**YOUR GOAL**
Exactly the lines from the beginning of the records below through the line with "Don't try to" must be given again, without pictures.

┌─ INPUT RECORDS

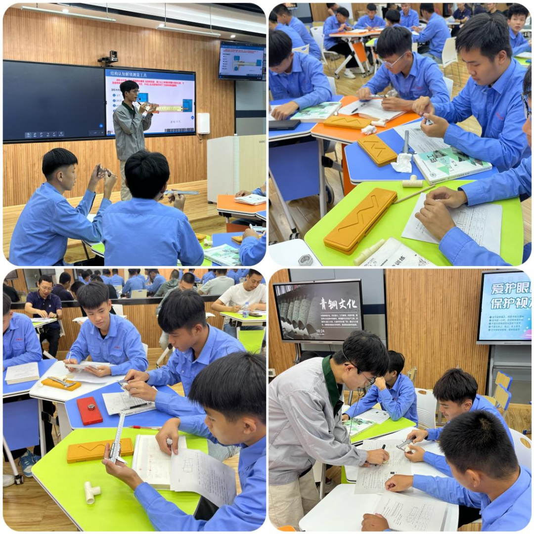 尤孙强老师以培育学生工匠精神与质量意识为出发点,用扎实的专业知识对学生进行实操引导,给予学生小组协作与自主实操的时间,让学生在动手实践中掌握游标卡尺的使用技能。尤孙强老师在传授游标卡尺认知与应用知识的同时,带领学生体会到了机械测量的严谨性与规范性。
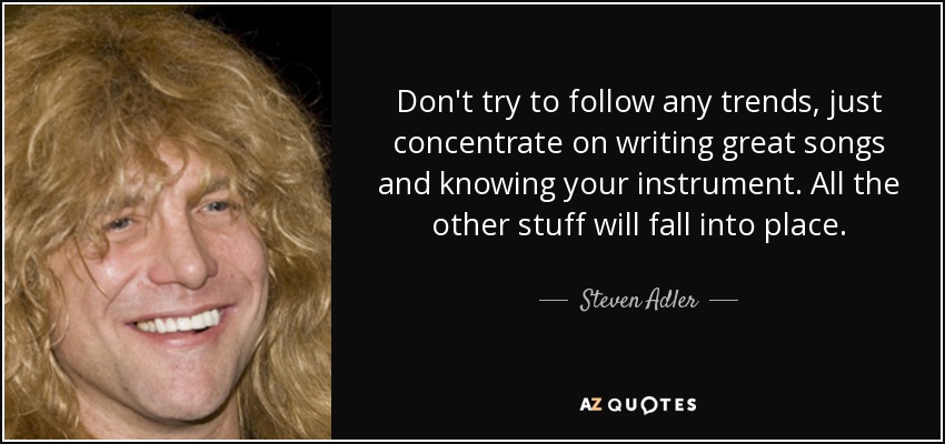 Don't try to follow any trends, just concentrate on writing great songs and knowing your instrument. All the other stuff will fall into place.
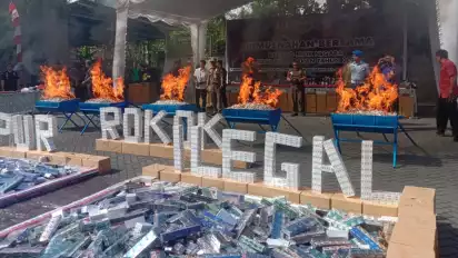 Sementara, total keseluruhan barang hasil penindakan yang dimusnahkan adalah 4.337.776 batang rokok, 522.380 mili liter minuman mengandung etil alkohol berbagai merek, pakaian, sepatu dan alat kosmetik sebanyak 114 karung atau bal, alat elektronik seperti handphone, laptop, kamera saku sebanyak 80 unit.
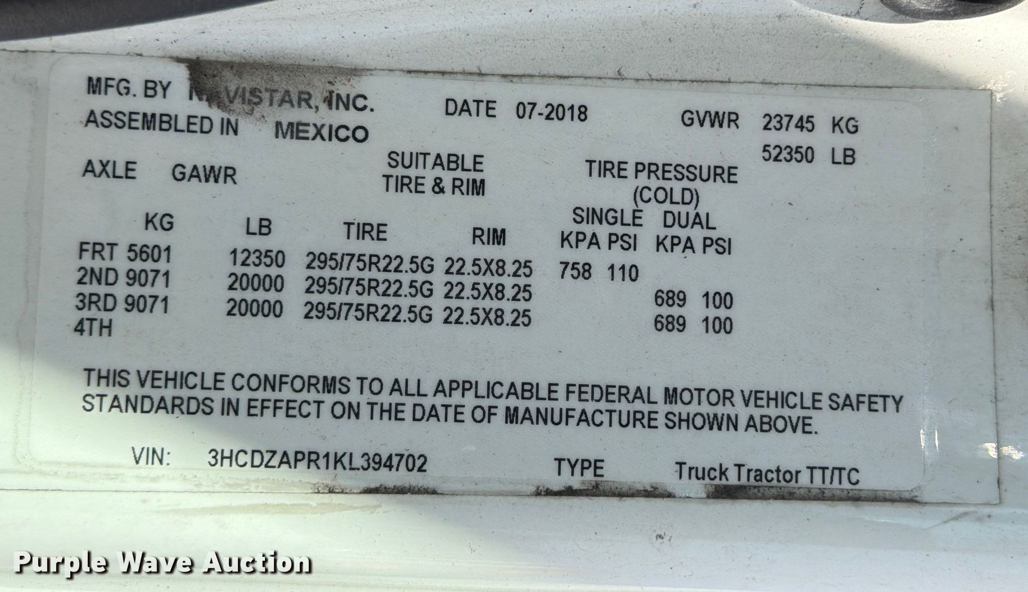 Purple Wave is selling a used Truck Tractor in Texas. This item is a 2019 International LT625 semi truck with the following: Miles: 475,318 on odometer, VIN: 3HCDZAPR1KL394702, Unit #: 219519
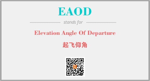 上述内容是“Elevation Angle Of Departure”作为“EAOD”的缩写,解释为“起飞仰角”时的信息,以及英文缩略词EAOD所代表的英文单词,其对应的中文拼音、详细解释以及在英文中的流行度和相关分类、应用领域及应用示例等。
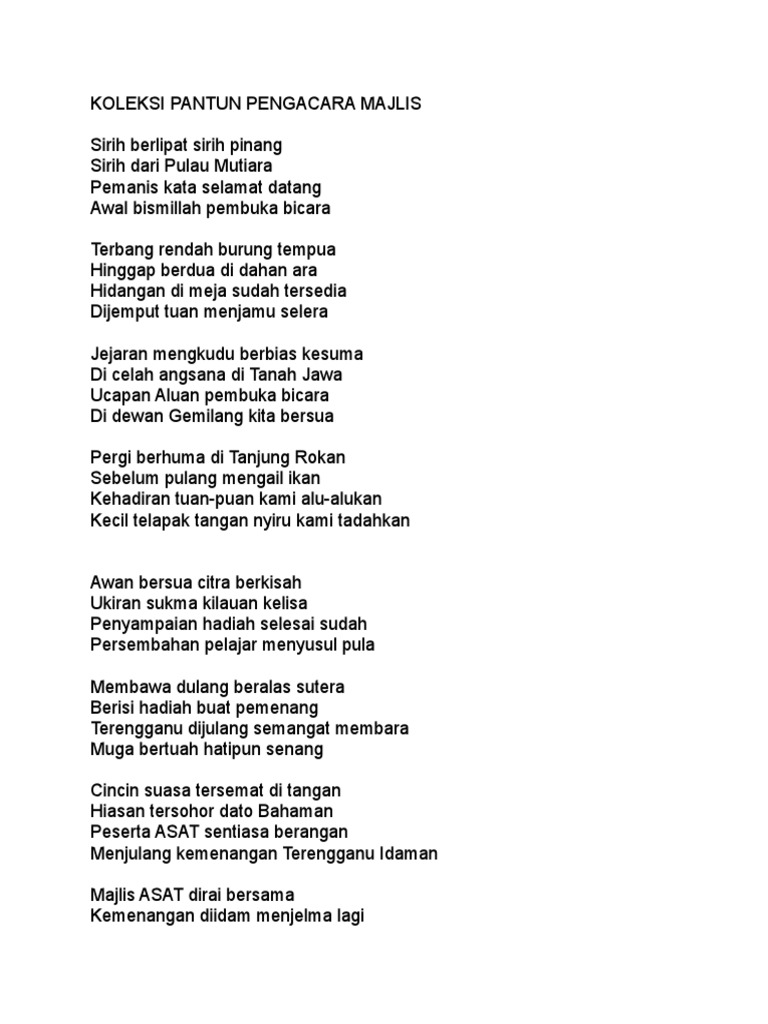 Doc Koleksi Pantun Pengacara Majlis Koleksi Pantun Pengacara Majlis Aslam Yusof Academia Edu
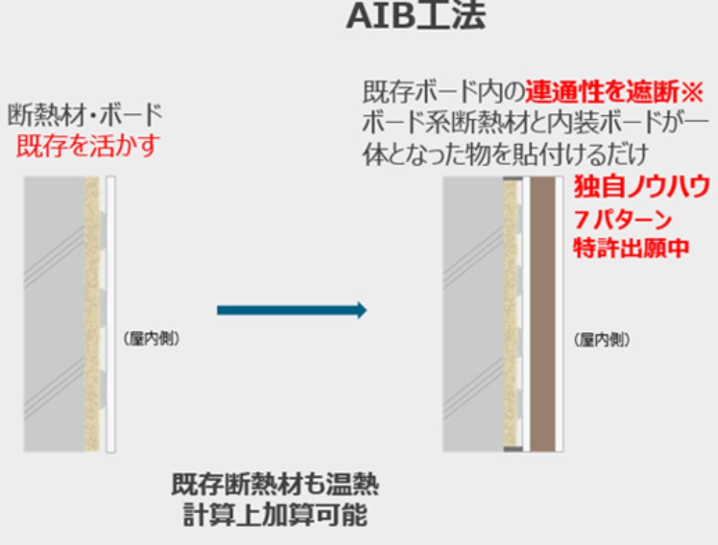 (1) AIB工法(attach insulation board)~施工手間、コストを抑えた壁の断熱性能向上の新工法~
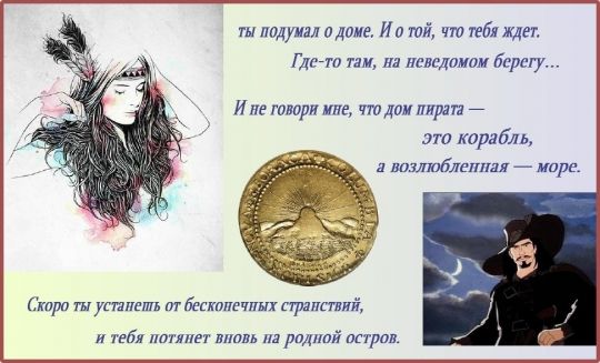 — О чем ты подумал сейчас? Вернее, о ком? Не о трактирных же девках, разносящих снедь?.. Нет, ты подумал о доме. И о той, которая тебя ждет. Где-то там, на неведомом берегу… И не говори мне, будто дом пирата — это корабль, а возлюбленная — море. Скоро ты устанешь от бесконечных странствий, и тебя потянет вновь на родной остров. Но будешь ли ты счастлив там один?..
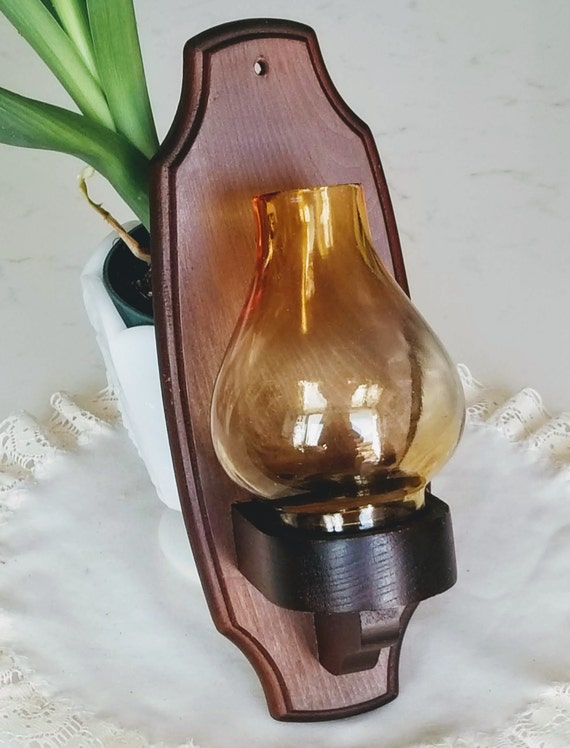 Vintage Wooden And Amber Glass Wall Sconces Wall Mount Candle Etsy
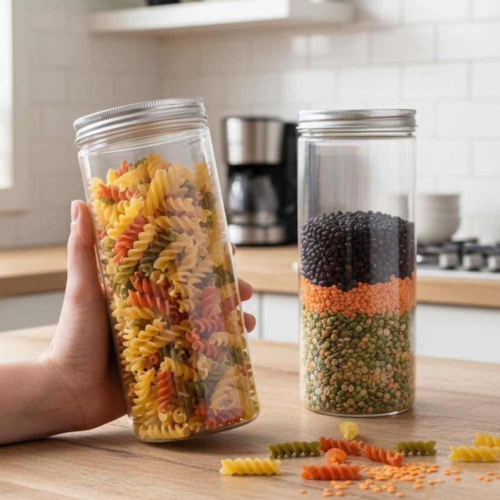 Ideální pro skladování luštěnin, těstovin, ořechů, cereálií či sušeného ovoce Průhledný design - umožňuje snadno vidět obsah a rychle se zorientovat Lehká a odolná - snadná manipulace a dlouhá životnost Šroubovací víčko - zajišťuje těsné uzavření a ochranu potravin před vlhkostí a škůdci
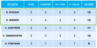 INFLUENCER - Tra gli atleti impegnati negli sport invernali, ci sono quelli che incarnano al meglio la figura del testimonial per un’azienda. Le variabili applicate alla scorecard prendono come riferimento la mole di conversazioni online che riguardano un atleta (buzz), l’ampiezza della sua fanbase, il tasso di engagement e il valore media potenziale generabile con l’attivazione e calcolato sulla base delle performance social storiche degli influencer. Tra questi è interessante vedere il riconoscimento e l’engagement social di due atlete in particolare: parliamo di Sofia Goggia, neocampionessa olimpica e Dorothea Wierer. L’analisi di profilazione effettuata sull’audience di Sofia evidenzia come la sciatrice sia la testimonial ideale per un brand che abbia un target tendenzialmente di sesso maschile (65%), di età compresa fra i 18 e i 25 anni.
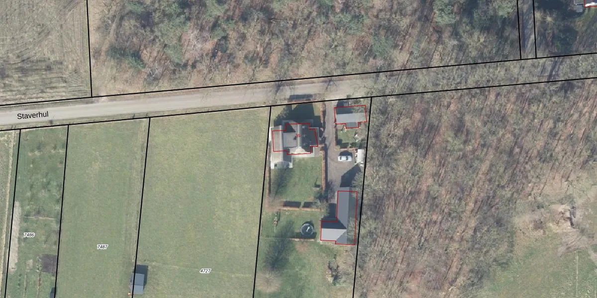 Het perceel waarop Staverhul 35 staat heeft een oppervlakte van 4870 m². Dit is een zeer groot perceel. De perceeloppervlakte wordt geregistreerd door het Kadaster. Gedetailleerde informatie over de maten van dit perceel kunt u vinden in het rapport Kadastrale kaart met maatvoering van Staverhul 35.
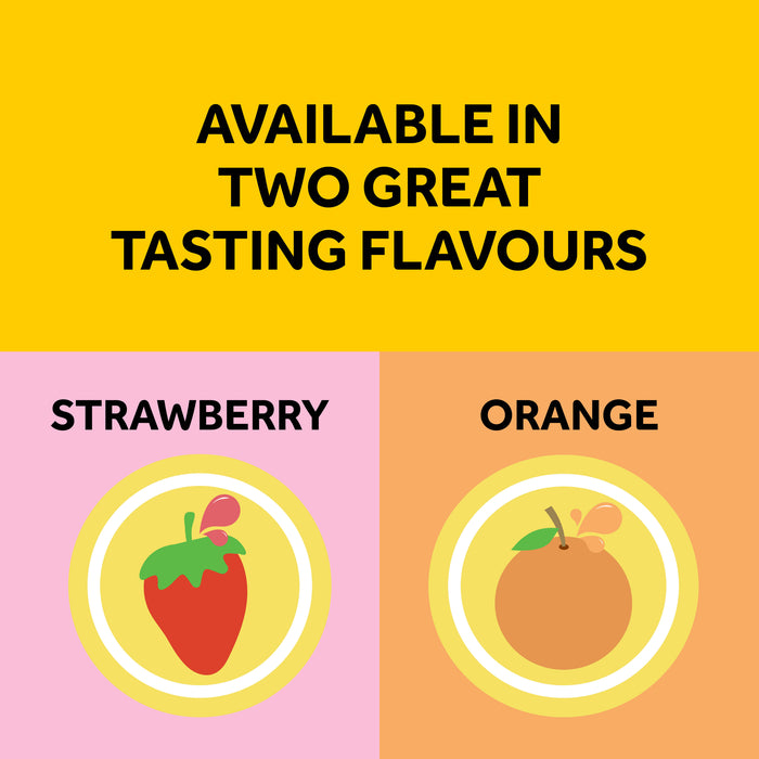 It’s sugar free and colour free, comes in pleasant strawberry and orange flavours, and each bottle comes with an easy-to-use dosing syringe.
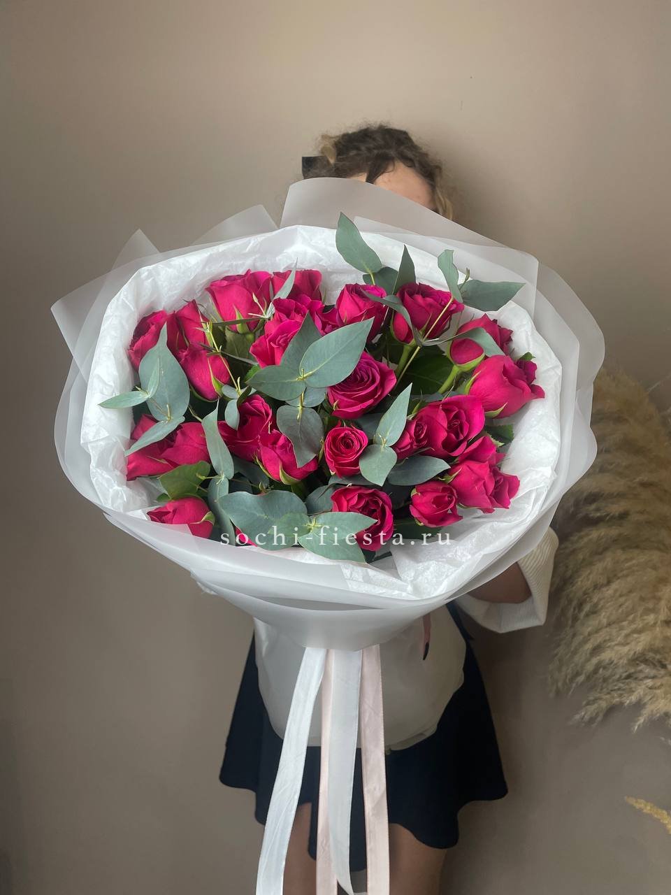 розы, диантусы, пионовидные кустовые розы, гортензия, эвкалипт, вспомогательная зелень, лента, дизайнерская упаковка.
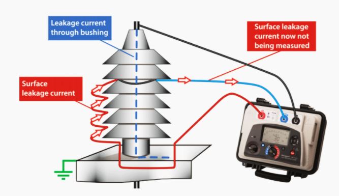 그려면 변압기 A상에서 메가 시험을 한후, 절연저항값이 기준치 이하인 경우, 애자인지 권선인지 구분을 하고자 한다면 어떻게 해야 할까요? 이때 사용할 수 있는 옵션이 메가 측정기에서 가드(Guard)입니다. 아래 그림에서 부싱에 검정색으로 표시된 것이 Guard ring(가드 링)이라고 하는데, 이 링이 부싱을 통해 누설되는 전류를 측정하게 되는데, 이 단자에서 오는 신호를 메가의 G단자에 연결하면 이 부싱을 통해 흐르는 누설전류를 무시하는 시험이 됩니다. 이는 변압기 공장검사 정도에서 확인하는 시험이지만, 용도를 확장하면 현장에서 애자와 권선을 분리하는 용도도 될 수 있습니다.

└─

**ANSWER SPACE**
 尤孙强老师以培育学生工匠精神与质量意识为出发点,用扎实的专业知识对学生进行实操引导,给予学生小组协作与自主实操的时间,让学生在动手实践中掌握游标卡尺的使用技能。尤孙强老师在传授游标卡尺认知与应用知识的同时,带领学生体会到了机械测量的严谨性与规范性。
 Don't try to follow any trends, just concentrate on writing great songs and knowing your instrument. All the other stuff will fall into place.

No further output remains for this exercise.